◆ **ASSIGNMENT**
Without including any images, repeat the data exactly.

◆ **DATA EXTRACT**
------------

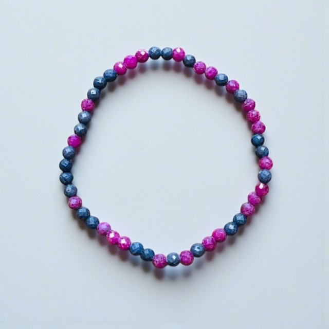 Náramek vyrobený z fazetovaných korálků rubínu a safíru o průměru 4 mm. Kameny jsou vrtané, navlečené na pružné dvojité gumičce. Každý kamínek je originál, proto se každý náramek může v detailu lišit.
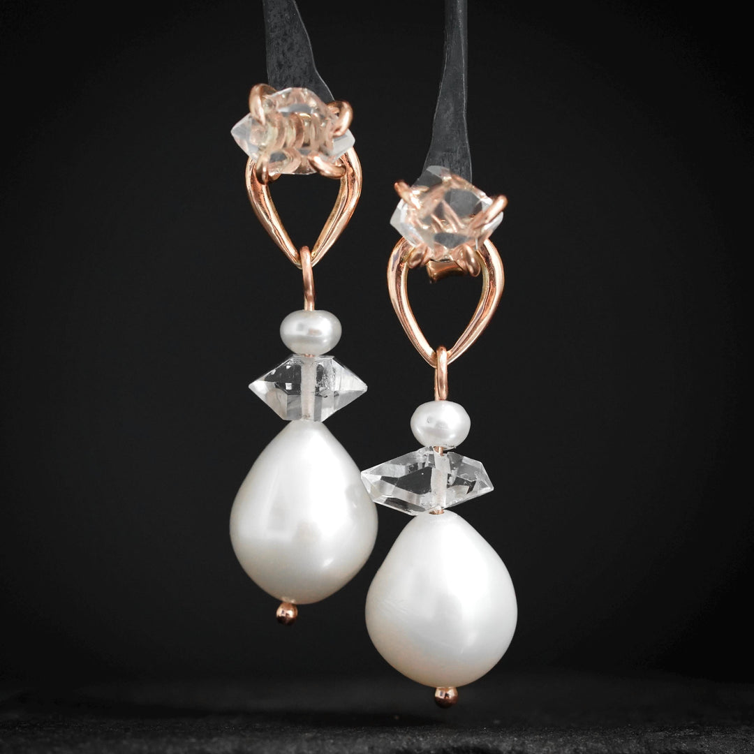 This listing is for one pair of Pearl and Herkimer earrings. Pictured earrings are in 14k rose gold.
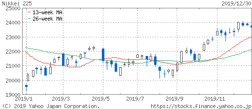 東京株式市場の2019年の取引最終日となる30日の大納会で、日経平均株価は2万3656円62銭と、年間の終値としては1990年(2万3848円)以来、29年ぶりの高値で取引を終えた。
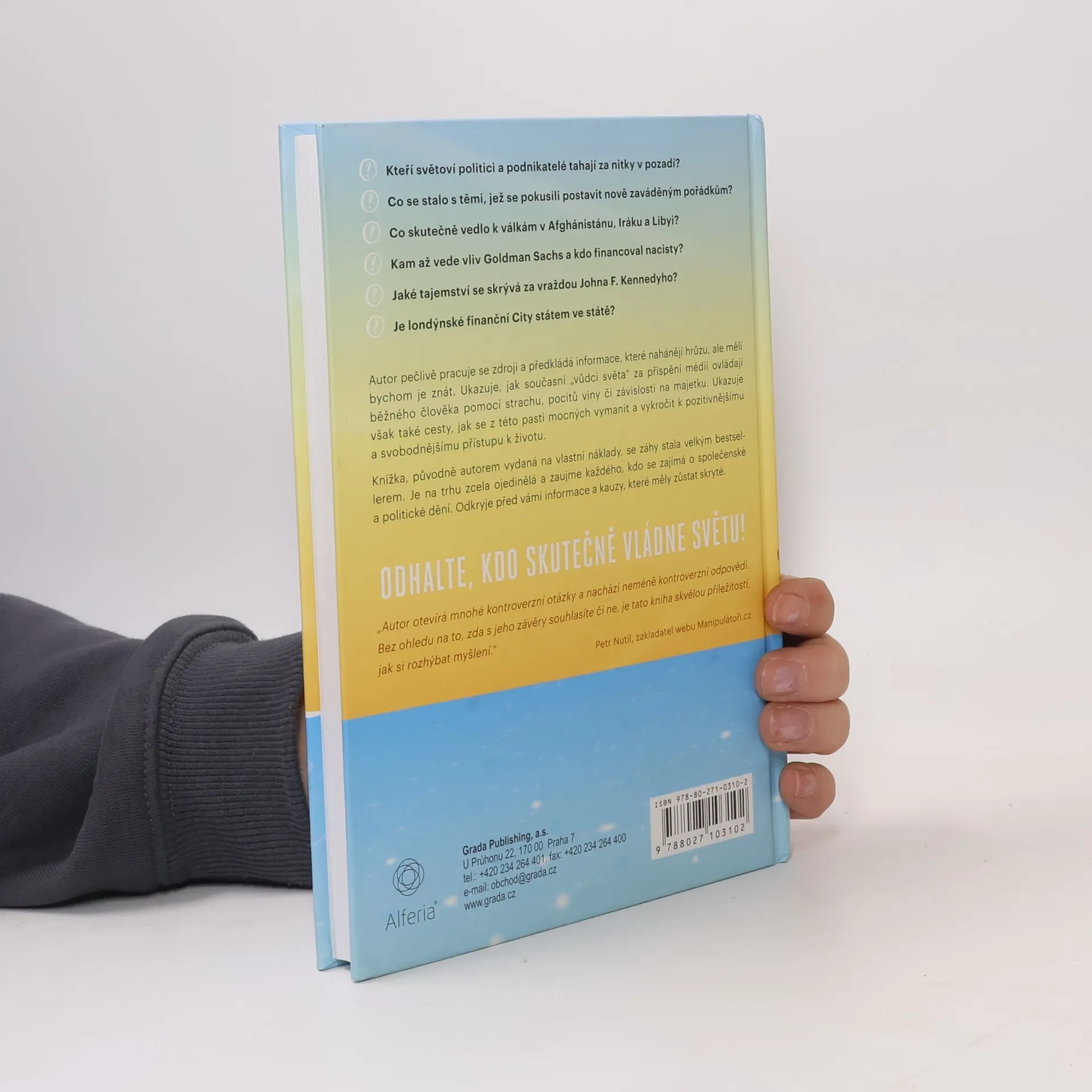 - Kteří světoví politici a podnikatelé tahají za nitky v pozadí? - Co se stalo s těmi, jež se pokusili postavit nově zaváděným pořádkům? - Co skutečně vedlo k válkám v Afghánistánu, Iráku a Libyi? - Kam až vede vliv Goldman Sachs a kdo financoval nacisty? - Jaké tajemství se skrývá za vraždou Johna F. Kennedyho? - Je londýnské finanční City státem ve státě? Autor pečlivě pracuje se zdroji a předkládá informace, které nahánějí hrůzu, ale měli bychom je znát. Ukazuje, jak současní „vůdci světa“ za přispění médií ovládají běžného člověka pomocí strachu, pocitů viny či závislosti na majetku. Ukazuje však také cesty, jak se z této pasti mocných vymanit a vykročit k pozitivnějšímu a svobodnějšímu přístupu k životu. Knížka, původně autorem vydaná na vlastní náklady, se záhy stala velkým bestsellerem. Je na trhu zcela ojedinělá a zaujme každého, kdo se zajímavá o společenské a politické dění. Odkryje před vámi informace a kauzy, které měly zůstat skryté.

------------

◆ **TASK RESPONSE**
 Náramek vyrobený z fazetovaných korálků rubínu a safíru o průměru 4 mm. Kameny jsou vrtané, navlečené na pružné dvojité gumičce. Každý kamínek je originál, proto se každý náramek může v detailu lišit.
 This listing is for one pair of Pearl and Herkimer earrings. Pictured earrings are in 14k rose gold.
 東京株式市場の2019年の取引最終日となる30日の大納会で、日経平均株価は2万3656円62銭と、年間の終値としては1990年(2万3848円)以来、29年ぶりの高値で取引を終えた。
 - Kteří světoví politici a podnikatelé tahají za nitky v pozadí? - Co se stalo s těmi, jež se pokusili postavit nově zaváděným pořádkům? - Co skutečně vedlo k válkám v Afghánistánu, Iráku a Libyi? - Kam až vede vliv Goldman Sachs a kdo financoval nacisty? - Jaké tajemství se skrývá za vraždou Johna F. Kennedyho? - Je londýnské finanční City státem ve státě? Autor pečlivě pracuje se zdroji a předkládá informace, které nahánějí hrůzu, ale měli bychom je znát. Ukazuje, jak současní „vůdci světa“ za přispění médií ovládají běžného člověka pomocí strachu, pocitů viny či závislosti na majetku. Ukazuje však také cesty, jak se z této pasti mocných vymanit a vykročit k pozitivnějšímu a svobodnějšímu přístupu k životu. Knížka, původně autorem vydaná na vlastní náklady, se záhy stala velkým bestsellerem. Je na trhu zcela ojedinělá a zaujme každého, kdo se zajímavá o společenské a politické dění. Odkryje před vámi informace a kauzy, které měly zůstat skryté.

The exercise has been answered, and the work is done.